Just as we thought we had heard or read all the different ways people from Lehman Brothers to AIG could violate our trust, a new scandal emerged in connection with the bankruptcy of MF Global, a hedge fund that placed huge bets of other peoples’ money on sovereign debt in Europe. You may have read that this scandal adds a new twist to the list: someone at MF Global managed to steal–uh, excuse me, misplace–over $1 billion of cash belonging to clients of the fund.
I’m not talking about losing an investment. Rather, in this case it’s money in a client trust account that someone (we don’t know who) “borrowed” for as-yet undisclosed purposes. The money is gone.
There are laws against this sort of thing. It is a strict no-no in any profession that deals with client funds. Lawyers get disbarred for co-mingling client funds with their own even if they never take or use a penny of client money. (If they happen to spend money belonging to clients and get caught, they go to jail.) Similar laws apply to the financial industry.

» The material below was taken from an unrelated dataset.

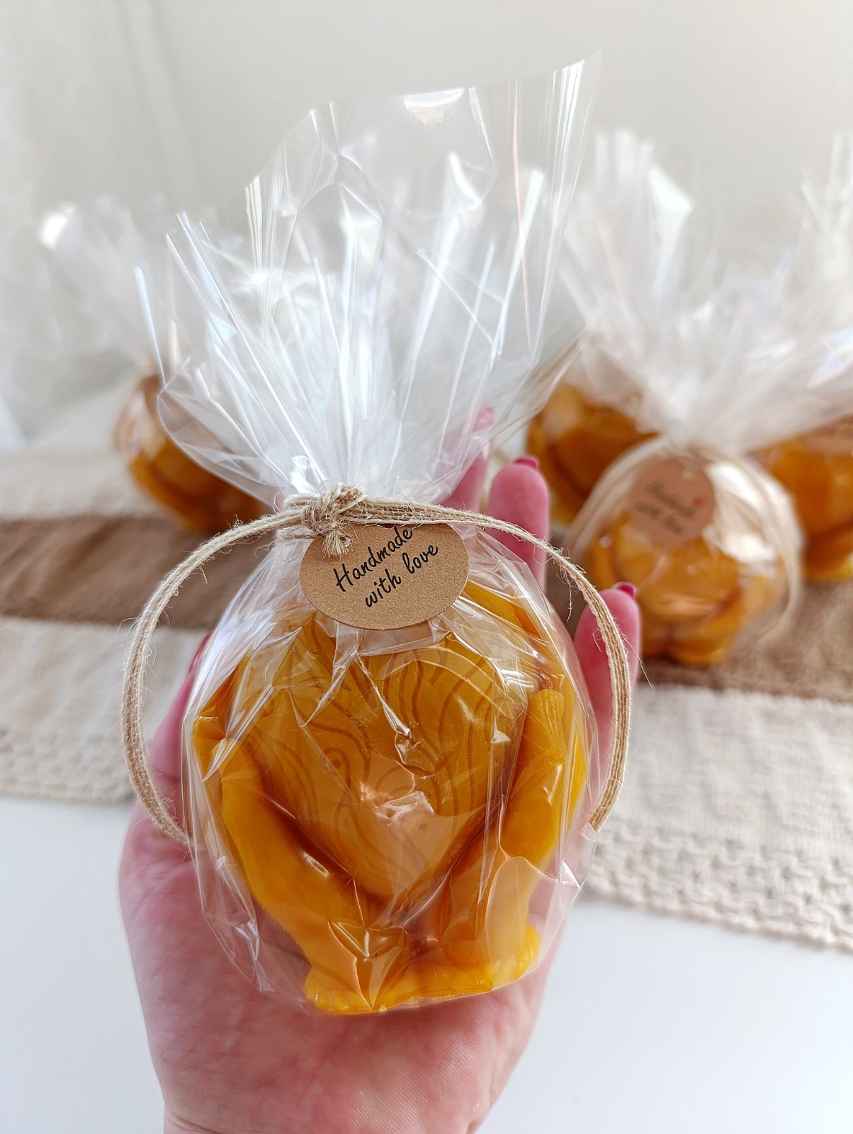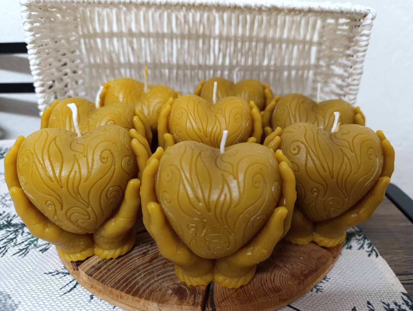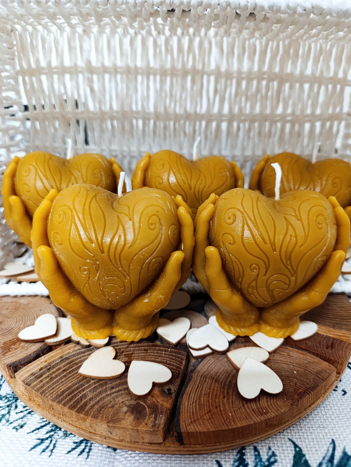 Daruj svoje srdce na dlani z včelieho vosku.

Jon Corzine, the CEO of MF global, when testifying before Congress recently, was unable to explain what happened to the money. And he was somewhat evasive when talking about it. (Click on the picture of Corzine to the right to watch the testimony.)
William Black, a law-school professor, former prosecutor of malefactors in the Savings and Loan scandal of the 80′s, and author of The Best Way to Rob a Bank is to Own One, recently appeared on the public radio program, On Point with Tom Ashbrook, and explained that we have set up a system in which people receive giant bonuses for taking huge risks with other peoples’ money when these bets pay off but pay little or no price when their casino-like gambling comes a cropper. (You can hear the On Point interview online at The Lessons of MF Global.)
No doubt, there are people who nevertheless act responsibly, making sure that they do not put the company at risk. But others do not exercise such restraint. From their perspective, they would be fools to do so. In their minds, it would be like turning a possibly lost suitcase containing $100,000 into the police. It might be wrong to keep the money, perhaps, but since it’s easy to get away with, let’s go for it.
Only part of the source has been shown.